§ Prompt
Output exactly, and only, the lines below from the one with "7、 聘用经营时间, 不得私自以甲方名义进行贷款, 企业经营活动所需贷款须按甲方董事会同意同意方法进行;" down to the one with "Basicwise 2-Pcs Glass". Include both end lines and no pictures.

(Data to use begins)

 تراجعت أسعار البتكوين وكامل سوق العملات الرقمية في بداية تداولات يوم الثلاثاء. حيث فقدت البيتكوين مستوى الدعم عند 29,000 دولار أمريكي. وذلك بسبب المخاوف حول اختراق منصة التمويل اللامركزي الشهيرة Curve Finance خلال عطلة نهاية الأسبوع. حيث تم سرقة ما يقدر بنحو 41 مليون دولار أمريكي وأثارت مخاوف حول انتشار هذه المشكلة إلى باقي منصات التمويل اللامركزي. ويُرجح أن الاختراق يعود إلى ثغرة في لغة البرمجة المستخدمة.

(Data to use ends)
(Data to use begins)

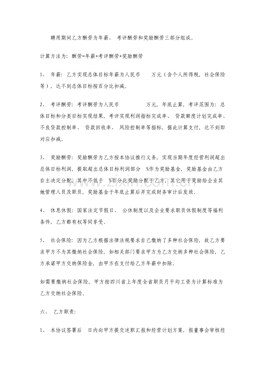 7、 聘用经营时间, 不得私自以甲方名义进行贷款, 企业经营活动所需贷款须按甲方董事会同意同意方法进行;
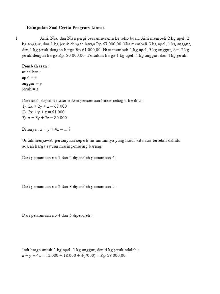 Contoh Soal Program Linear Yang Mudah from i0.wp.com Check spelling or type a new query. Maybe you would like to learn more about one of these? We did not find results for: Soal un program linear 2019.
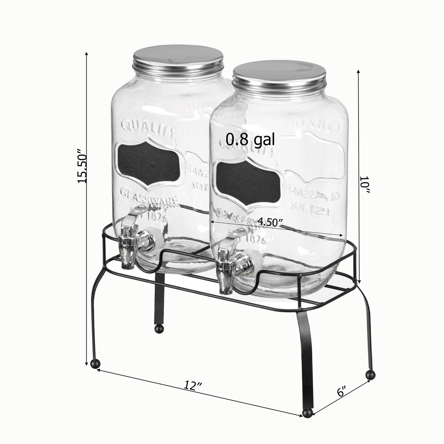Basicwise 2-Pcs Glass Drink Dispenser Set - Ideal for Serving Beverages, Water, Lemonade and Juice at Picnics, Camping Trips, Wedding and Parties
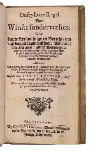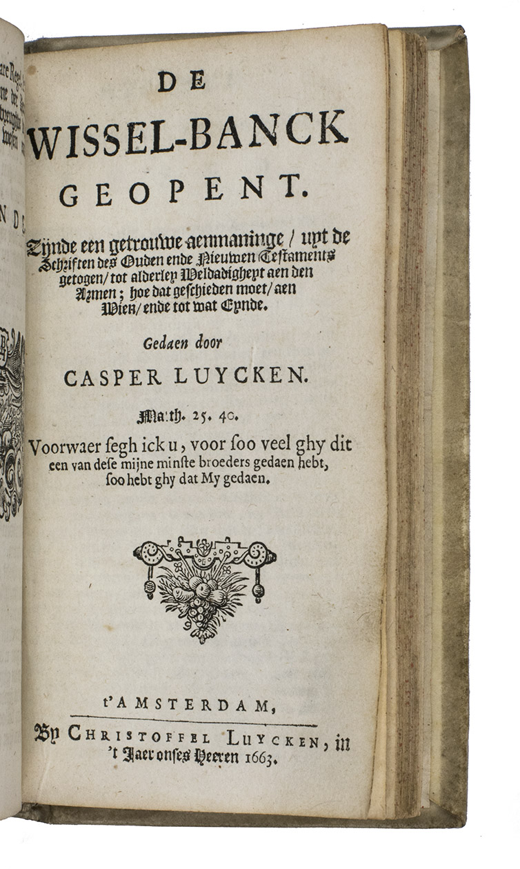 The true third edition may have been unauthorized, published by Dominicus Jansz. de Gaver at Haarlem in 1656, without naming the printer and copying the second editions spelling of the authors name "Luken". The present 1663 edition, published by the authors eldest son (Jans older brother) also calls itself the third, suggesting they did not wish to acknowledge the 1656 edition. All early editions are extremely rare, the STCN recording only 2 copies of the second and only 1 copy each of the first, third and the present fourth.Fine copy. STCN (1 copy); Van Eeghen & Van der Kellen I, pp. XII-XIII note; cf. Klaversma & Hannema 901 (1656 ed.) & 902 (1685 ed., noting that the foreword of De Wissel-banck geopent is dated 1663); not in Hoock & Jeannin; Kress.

(Data to use ends)
(Data to use begins)

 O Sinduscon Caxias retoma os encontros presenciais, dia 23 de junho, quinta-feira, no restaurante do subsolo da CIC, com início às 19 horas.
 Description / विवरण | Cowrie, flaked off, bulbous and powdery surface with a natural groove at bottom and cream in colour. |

(Data to use ends)

§ Task output
 7、 聘用经营时间, 不得私自以甲方名义进行贷款, 企业经营活动所需贷款须按甲方董事会同意同意方法进行;
 Contoh Soal Program Linear Yang Mudah from i0.wp.com Check spelling or type a new query. Maybe you would like to learn more about one of these? We did not find results for: Soal un program linear 2019.
Basicwise 2-Pcs Glass Drink Dispenser Set - Ideal for Serving Beverages, Water, Lemonade and Juice at Picnics, Camping Trips, Wedding and Parties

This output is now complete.